Segment Start: Data to process
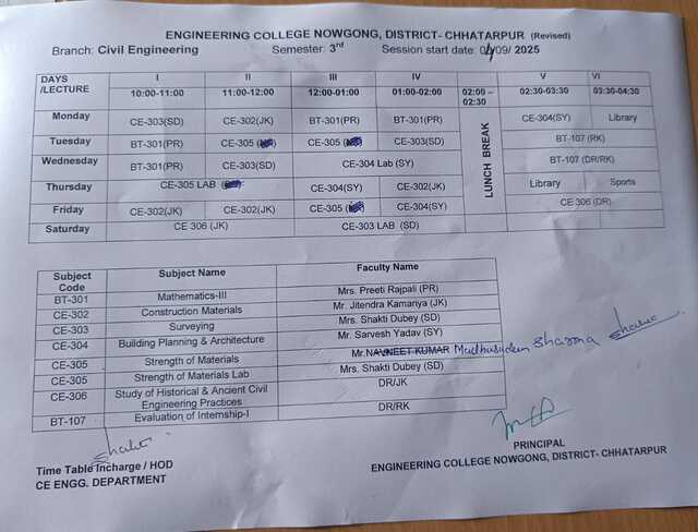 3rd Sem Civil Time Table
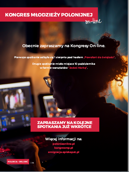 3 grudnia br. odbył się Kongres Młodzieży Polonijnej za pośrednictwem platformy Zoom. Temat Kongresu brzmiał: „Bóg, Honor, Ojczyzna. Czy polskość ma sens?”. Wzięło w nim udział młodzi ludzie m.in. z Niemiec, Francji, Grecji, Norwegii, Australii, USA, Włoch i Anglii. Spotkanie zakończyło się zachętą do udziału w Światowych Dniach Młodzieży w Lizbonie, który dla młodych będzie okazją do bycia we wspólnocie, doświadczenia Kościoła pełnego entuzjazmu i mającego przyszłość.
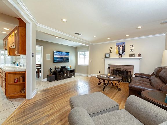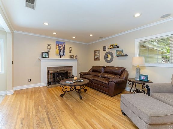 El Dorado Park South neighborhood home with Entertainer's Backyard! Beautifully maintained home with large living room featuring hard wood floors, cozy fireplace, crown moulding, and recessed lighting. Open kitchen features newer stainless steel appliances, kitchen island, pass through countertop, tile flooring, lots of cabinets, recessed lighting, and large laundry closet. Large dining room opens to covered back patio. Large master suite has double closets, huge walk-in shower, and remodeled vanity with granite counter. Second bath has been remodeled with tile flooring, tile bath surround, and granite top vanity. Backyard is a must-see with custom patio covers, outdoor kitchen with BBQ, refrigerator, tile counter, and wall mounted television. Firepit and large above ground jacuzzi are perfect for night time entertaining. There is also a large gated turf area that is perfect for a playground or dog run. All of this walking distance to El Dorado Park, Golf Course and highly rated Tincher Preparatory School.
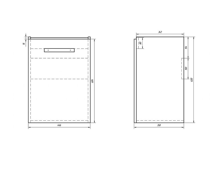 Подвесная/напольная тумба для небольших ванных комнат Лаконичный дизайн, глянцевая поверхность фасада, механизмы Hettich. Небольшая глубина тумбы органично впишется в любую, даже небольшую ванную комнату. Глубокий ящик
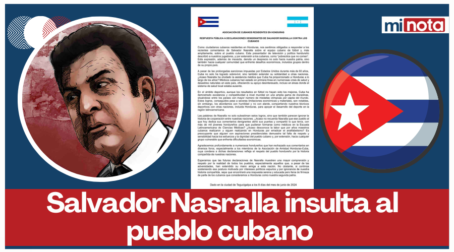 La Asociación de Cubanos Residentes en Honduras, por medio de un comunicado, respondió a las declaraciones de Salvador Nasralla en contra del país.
Segment End: Data to process
Segment Start: Data to process
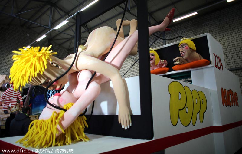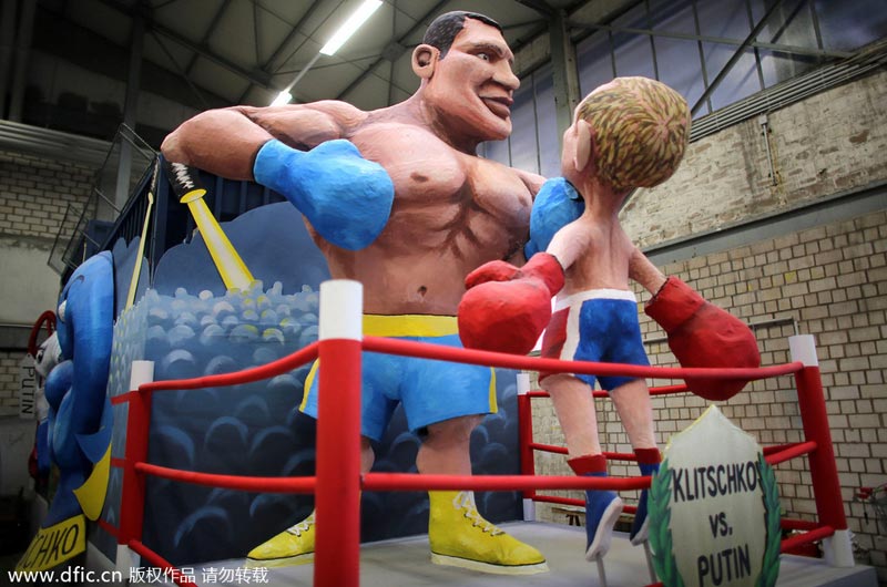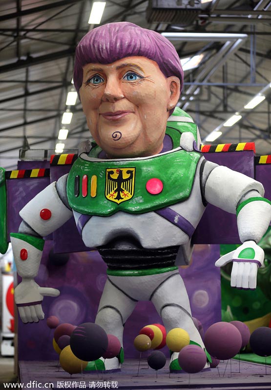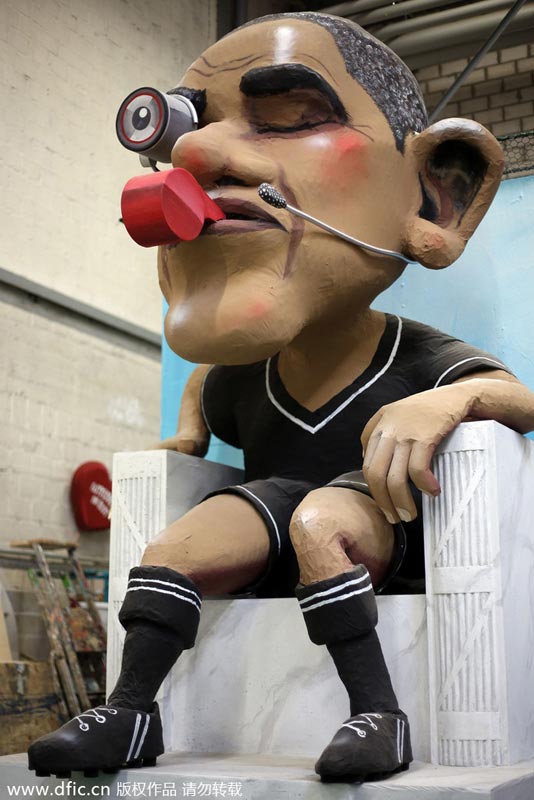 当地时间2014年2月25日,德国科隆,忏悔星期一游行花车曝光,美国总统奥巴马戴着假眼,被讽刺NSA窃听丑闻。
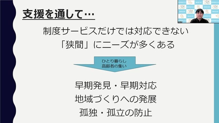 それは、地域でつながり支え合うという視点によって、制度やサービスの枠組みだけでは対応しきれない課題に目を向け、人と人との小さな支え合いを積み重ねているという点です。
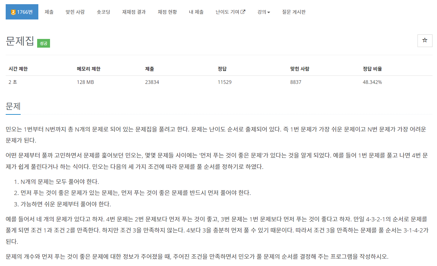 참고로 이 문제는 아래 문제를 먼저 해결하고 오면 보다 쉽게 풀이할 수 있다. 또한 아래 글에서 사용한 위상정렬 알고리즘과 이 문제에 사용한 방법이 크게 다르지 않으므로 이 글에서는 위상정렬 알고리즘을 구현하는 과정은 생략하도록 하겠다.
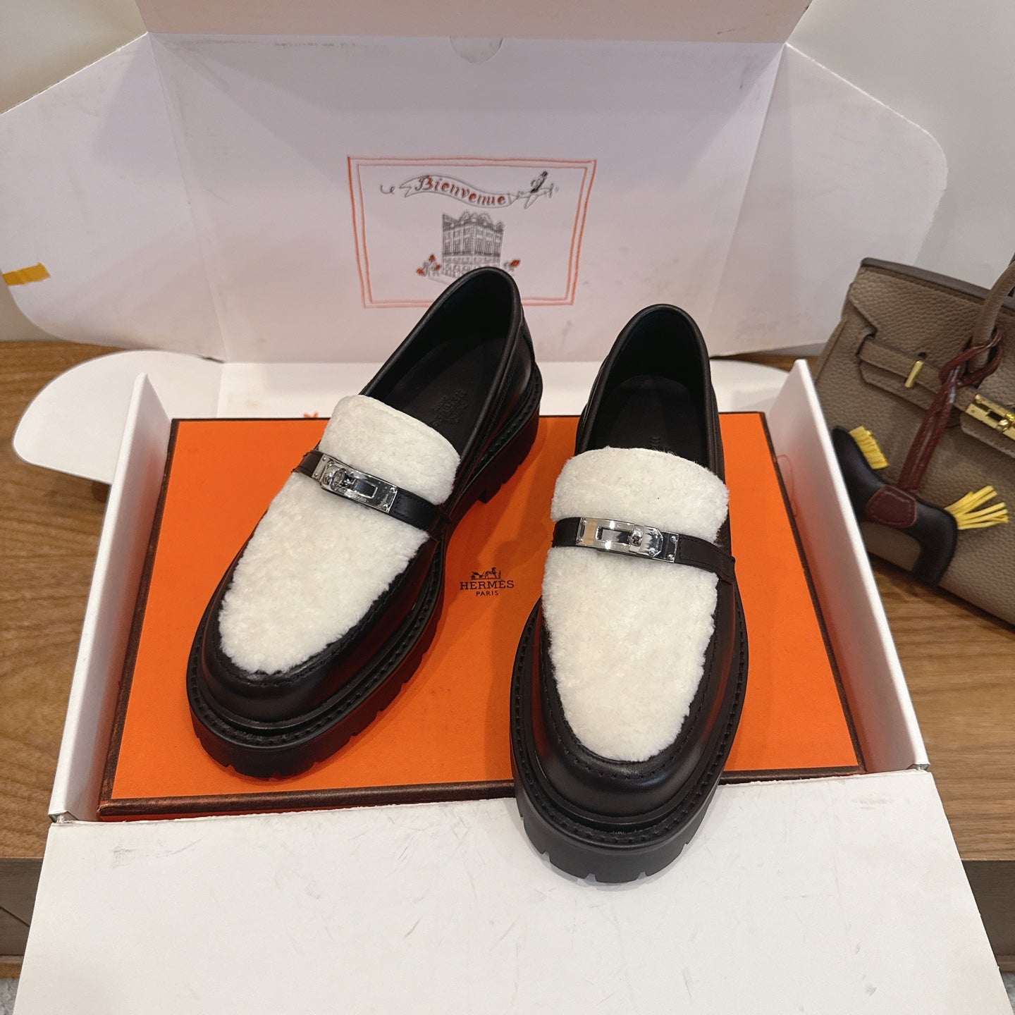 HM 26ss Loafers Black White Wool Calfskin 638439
Segment End: Data to process
▸ **Problem**
Above this task is a listing with pictures in it. Retype only the lines from the one containing "참고로 이 문제는 아래" through the one containing "HM 26ss Loafers", both included, and not the pictures.

▸ **Solution**
 참고로 이 문제는 아래 문제를 먼저 해결하고 오면 보다 쉽게 풀이할 수 있다. 또한 아래 글에서 사용한 위상정렬 알고리즘과 이 문제에 사용한 방법이 크게 다르지 않으므로 이 글에서는 위상정렬 알고리즘을 구현하는 과정은 생략하도록 하겠다.
 HM 26ss Loafers Black White Wool Calfskin 638439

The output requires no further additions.